I have an RNA-Seq counts table (CSV file) with a column of gene names, which looks like this:
> head(counts_df[1:4])
C-A C-B CD-A CD-B
0610007P14Rik 1095.858 670.193 1583.706 1925.579
0610009B22Rik 360.416 321.309 413.633 343.594
0610009E02Rik 4.870 9.591 16.999 11.786
0610009L18Rik 6.494 0.000 13.221 28.104
0610009O20Rik 923.768 1246.872 783.826 834.055
0610010F05Rik 1558.554 895.589 898.094 706.227
I want to filter out all the genes that are on the X or Y chromosome.
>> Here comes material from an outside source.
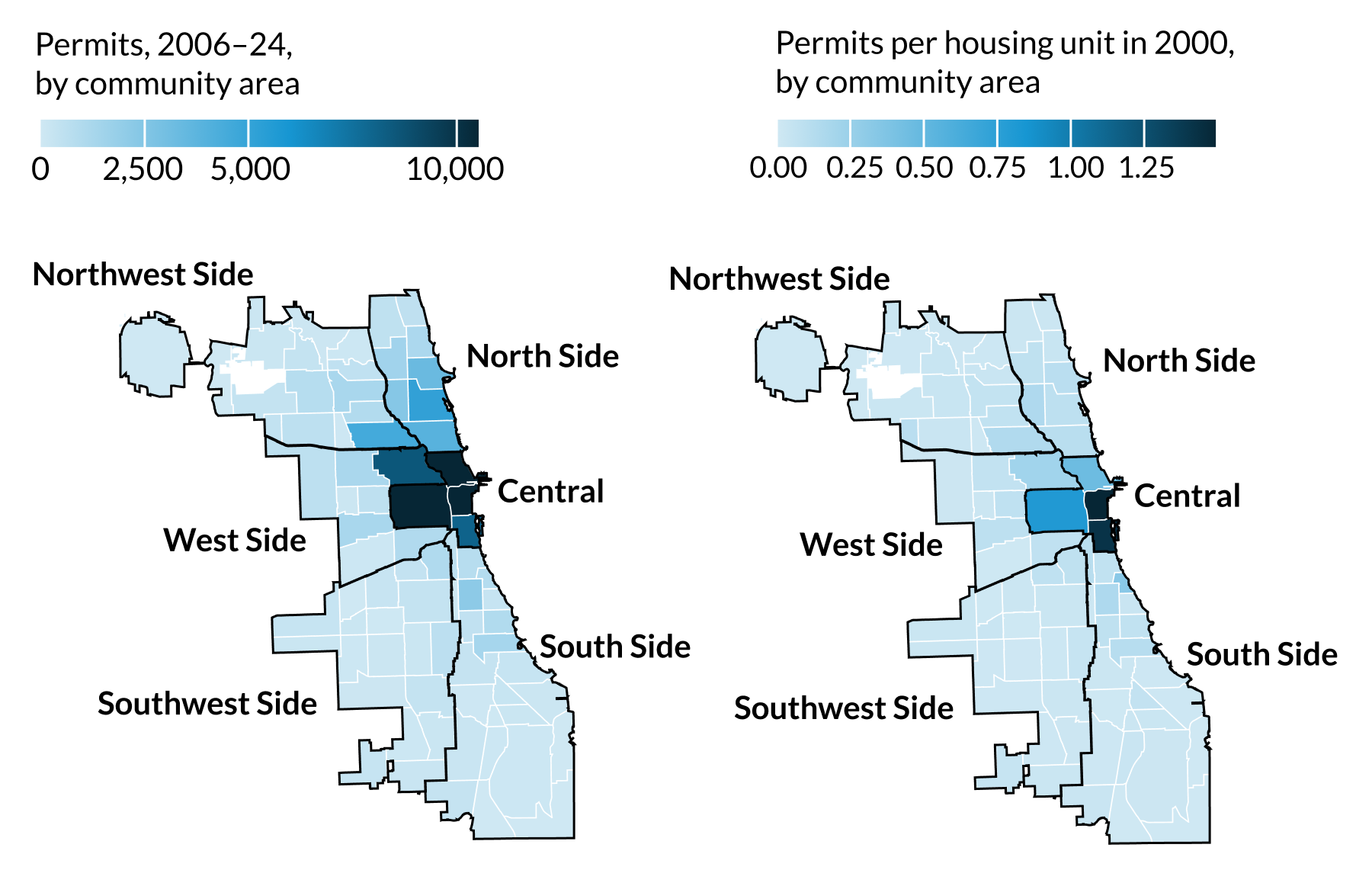 Sources: Author’s calculations, based on an analysis of City of Chicago open data (2006–24), the 2000 US Census, and US Census Bureau’s American Community Survey five-year data (2018–22).

Problem is, the table does not list the chromosome for each gene.
My original solution was to download this file:
hgdownload.cse.ucsc.edu/goldenPath/mm10/database/refGene.txt.gz
which looks like this:
NM_001271498 chr2 11705292 11733985 Il15ra
NM_001285857 chr7 142434976 142440396 Syt8
NM_011811 chr1 78424744 78488897 Farsb
NM_011706 chr11 62574485 62600305 Trpv2
And then in R, filter out entries on alternate chromosomes (chrUn_JH584304
, chr4_GL456350_random
, etc.), then filter out duplicated entries, and merge it back to the counts table to filter out genes on chrX and chrY.
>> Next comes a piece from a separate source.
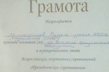 "Президент ярышлары" бөтенроссия спорт ярышларында югары күрсәткечләре өчен Миннегалиев Рүзәл грамота белән бүләкләнде. Афәрин, Рүзәл!

However, its turned into a bit of a mess since now I am finding that there are still duplicates genes being listed;
> chrom_ref_df[which(duplicated(chrom_ref_df[["gene"]])), ]
chrom gene
18637 chr4 BC002163
29481 chrX Bc1
16895 chr17 Btg3
14431 chr4 Eno1b
35707 chrY G530011O06Rik
40 chr11 Gm1821
12870 chr19 Gm5512
29305 chrX Gm5643
19424 chr4 Gm5801
20054 chr12 Mir1906-1
29187 chr12 Mir1906-2
25432 chr6 Mir1957a
34207 chrX Mir3472
23305 chrX Mir3473a
13558 chr11 Mir5098
34197 chr2 Mir5098
34198 chr5 Mir5098
34200 chr8 Mir5098
13956 chr2 Mir684-1
13957 chr5 Mir684-1
25593 chr16 Mir684-1
28767 chr10 Mir684-1
34070 chr7 Mir684-1
34071 chrX Mir684-1
This eventually ends up causing problems when trying to merge the chrom
data back to the counts table for other downstream filtering, and creates duplicated entries.
I am not sure if its worth trying to sort this out further; is there an easier way to accomplish the original task of filtering the genes in the counts table based on their chromosome? This is using the mm10 reference genome.